Biography: Ernest Lehman

American screenwriter Ernest Lehman (1915 - 2005), though not especially known for prodigious output, wrote screenplays for some of the most famous and best-loved films produced in the mid-twentieth century. His credits include screen adaptation for major Broadway productions including "West Side Story, The Sound of Music", and "Who's Afraid of Virginia Woolf?"

Throughout his career, Lehman received six Academy Award nominations and, in 2001, he received an honorary Academy Award for his career accomplishments, the first time a screenwriter was ever presented with a special award from the Academy of Motion Picture Arts and Sciences. Though he was considered a highly talented adapter of source material (e.g., plays and novels), perhaps his most highly regarded work is the original screenplay for one of director Alfred Hitchcock's best films, North by Northwest.

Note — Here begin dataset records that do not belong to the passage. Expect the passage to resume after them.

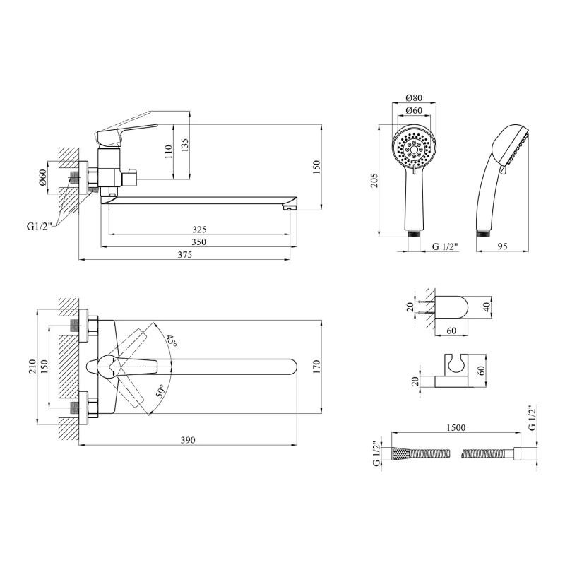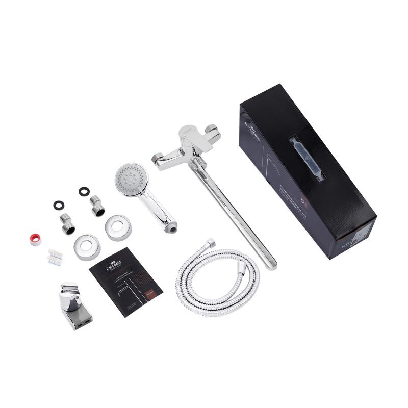 Душевой гарнитур в комплекте: Полная комплектация включает в себя душевой гарнитур, что делает смеситель универсальным решением для ванны и душа.
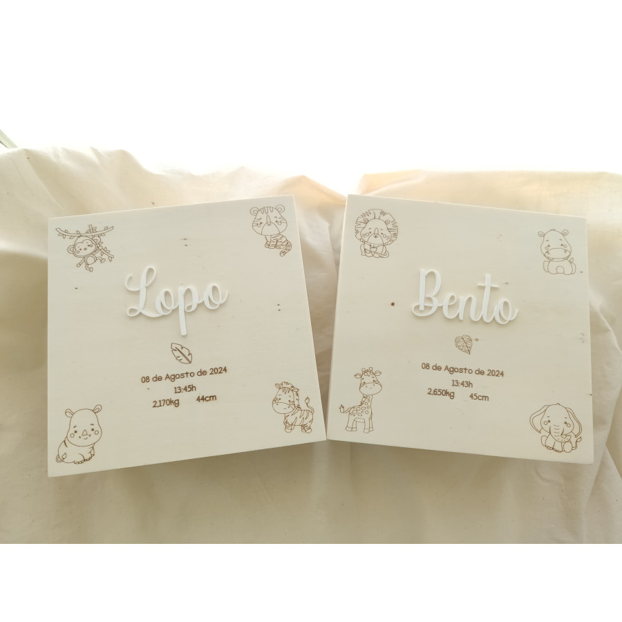Não esquecer de gravar a sua personalização para poder adicionar ao carrinhoEste maravilhoso conjunto de Caixas de Recordações de Bebé em madeira, tem a tampa da caixa maior personalizada com o nome do bebé em relevo(acrílico) e os dados de nascimento gravados a laser. Se pretender pode acrescentar o nome do Hospital/maternidade.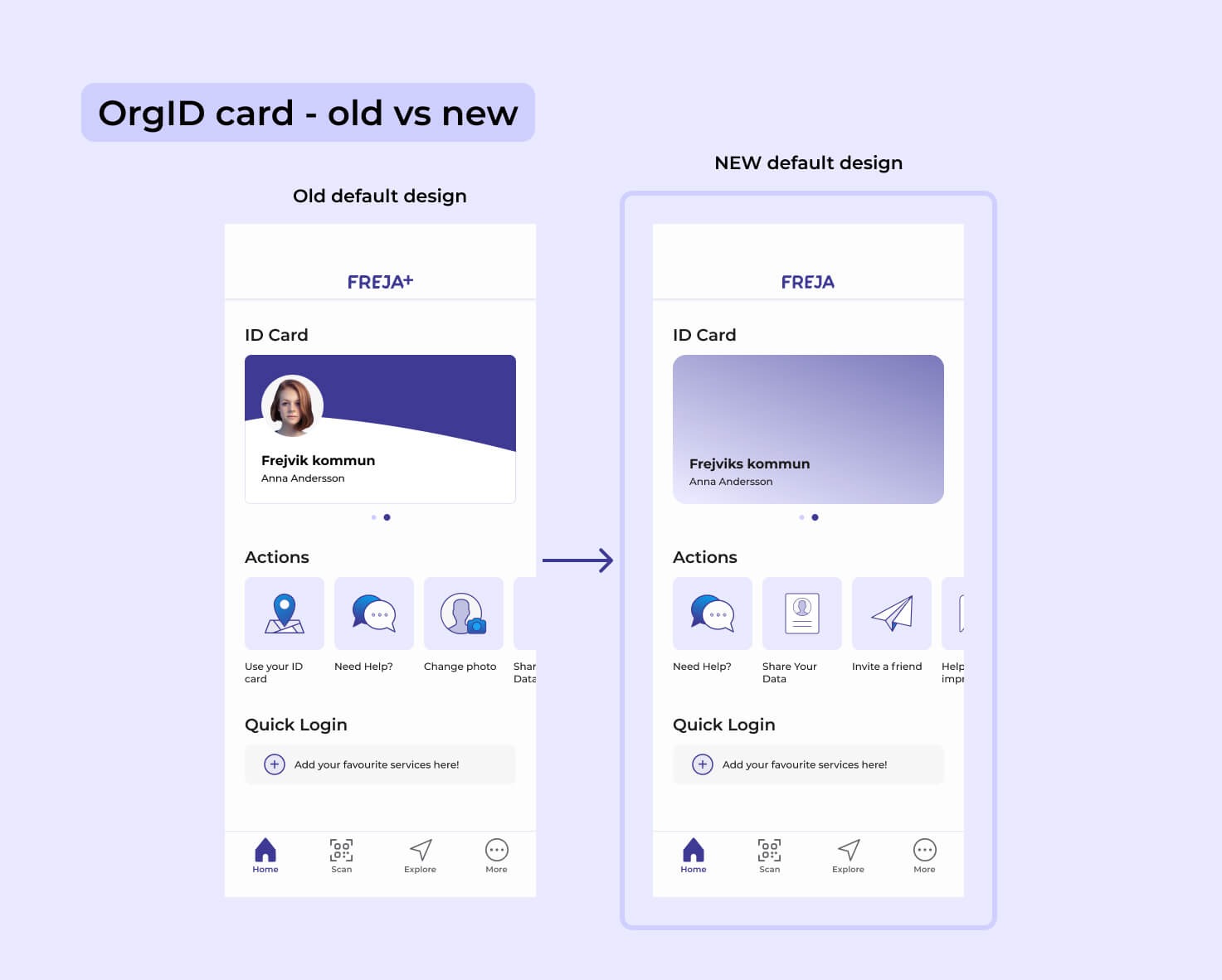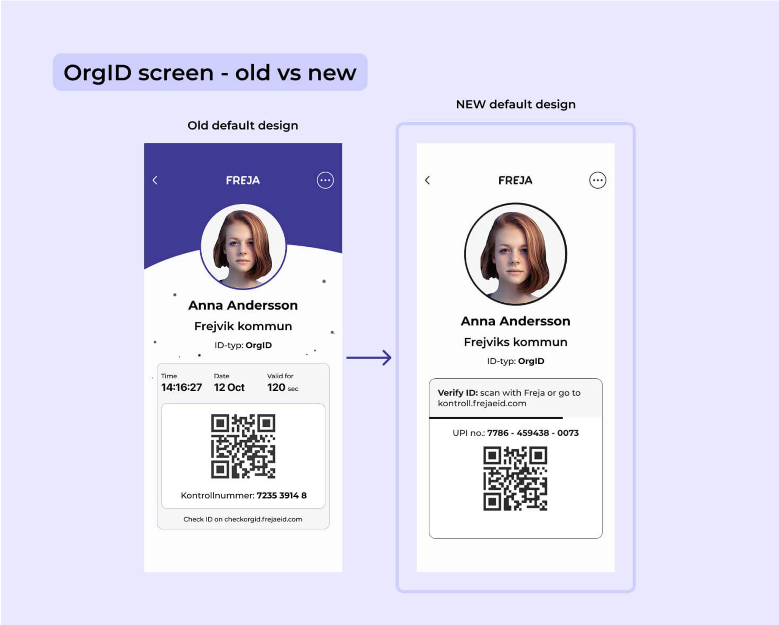 Har din organisation gett ut Freja OrgID med standarddesign är det viktigt att ni snarast informerar era användare om att ID-kortet och ID-skärmen i deras OrgID kommer att få ett nytt utseende. Detta för att användarna ska förstå att förändringar är planerade och därmed minska administration för frågor som annars kan uppkomma. Förändringen sker kring månadsskiftet februari/mars 2026. Följande förändringar kommer att ske för era användare (se även bilder nedan):

Lehman was born on December 8, 1915, in Long Island, New York, the son of Paul and Gertrude Lehman. The couple jointly owned and operated women's clothing stores. Reportedly, his family was affluent, but its finances were severely affected by the Great Depression. Lehman was raised in New York City and attended the College of the City of New York, where his educational interests included chemical engineering as well English and creative writing. When he graduated, he first earned a living as a freelance writer.

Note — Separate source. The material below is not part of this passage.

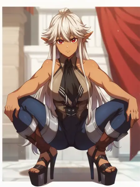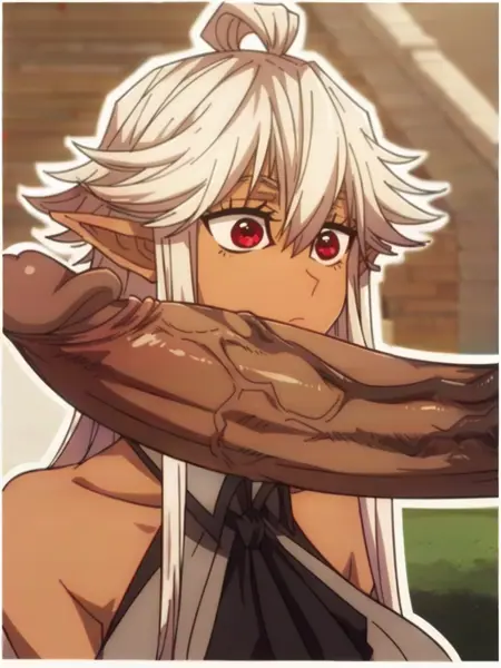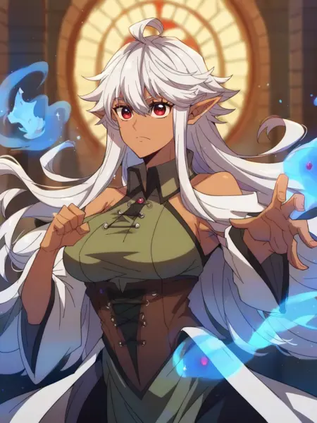 推荐提示词:e_lf, 1girl, white hair, long hair, elf ears, tanned skin, red eyes, long eyelashes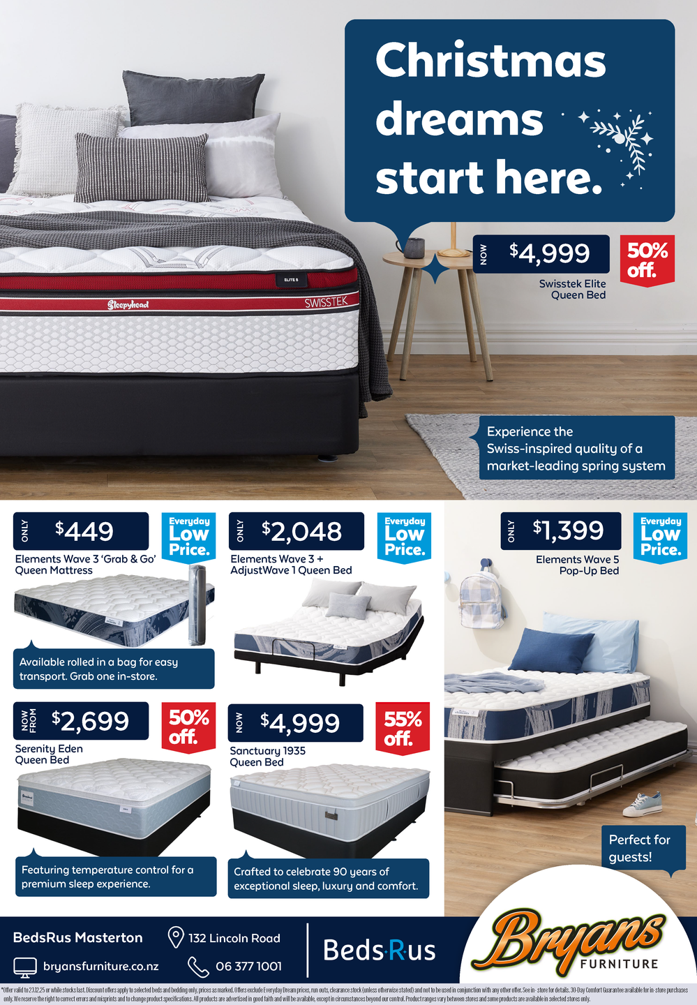 The BedsRus Christmas Sale is on now! Serenity Eden is half price, queen size now from $2699. Or save 50% on Swisstek Elite, queen size now $4999. Having friends or whanau staying over the festive season? Check out our Elements Pop-Up bed, a perfect space saver for only $1399. Check out these deals and more, at bedsrus.co.nz. Great moments start with good sleep. BedsRus, where dreams begin.

His first published work, appearing in 1939 in Collier's magazine, was a profile of contemporary entertainer Ted Lewis. After that, Lehman turned out stories and articles that appeared in such popular and mainstream magazines as Esquire, Liberty, Redbook, and Cosmopolitan. However, he found freelancing too stressful - it was a "very nervous way to make a living," he once remarked - so he found a steady job as a copywriter for a publicity firm that specialized in theatrical productions and celebrities. In addition, Lehman worked for a while as a publicity writer for The Hollywood Reporter columnist Irving Hoffman. Lehman, a resourceful and observant writer, used these early career experiences as background for later stories and screenplays (in particular for the 1957 film The Sweet Smell of Success). In 1948, he sold one of his stories to Hollywood, and it became the basis for The Inside Story, directed by Allan Dwan.

Moved to Hollywood

After his short story "The Comedian" appeared in Collier's in 1953, Paramount Studios enticed him to move to Hollywood, where he would work on the screenplay adaptation. Though the project was cancelled, Lehman found other work and soon settled in California.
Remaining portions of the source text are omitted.